Search code examples
python-3.xnumpydataframemachine-learningsklearn-pandas

Grouping arrays with common classes for classification in CNN


I have a data set with three columns,the first two columns are the features and the third column contain classes,there are 4 classes,part of it can be seen here.

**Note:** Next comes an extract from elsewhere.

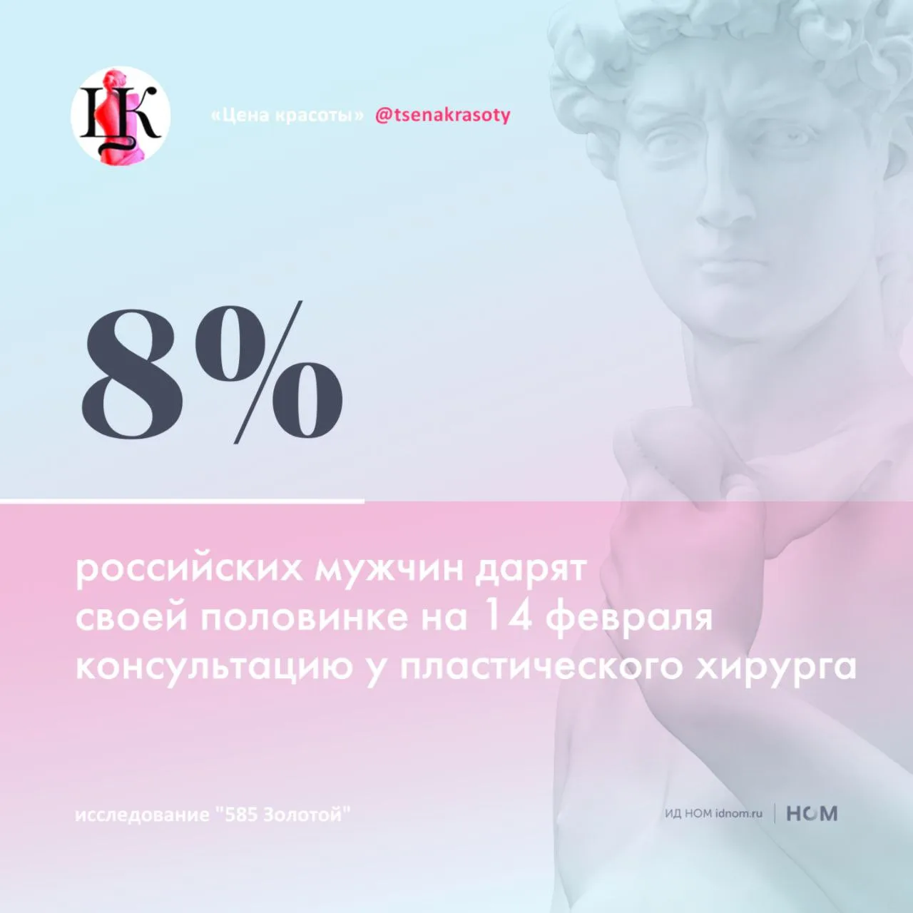 - Среди рейтинга самых популярных подарков на День святого Валентина нас заинтересовали техника (включая стайлеры Dyson и другие бьюти-гаджеты) – 69% и консультация у пластического хирурга в качестве подарка – 8%. В последней цифре не видим ничего возмутительного и уверены, что это ответ на запрос самих женщин. Также популярный подарок – подарочный сертификат в магазин косметики – 28%.

enter image description here

The data set is big,lets say 100,000 rows and 3 columns(two column features and one column for classes),so I am using a moving window of length 50 on the data set before training my deep learning model. So far I have tried two different method to slice the data set with no good results and I am pretty sure my data set is good. I first used a moving window on my entire data set,resulting into 2000 data samples with 50 rows and 2 columns(2000,50,2). As some data samples contain mixed classes,I selected only data samples with common classes and find the average of the classes to assign that particular data sample into a single class only,I have not get results with this.Here are my codes,`

def moving_window(data_, length, step=1):
    streams = it.tee(data_, length)
    return zip(*[it.islice(stream, i, None, step * length) for stream, i in zip(streams, it.count(step=step))])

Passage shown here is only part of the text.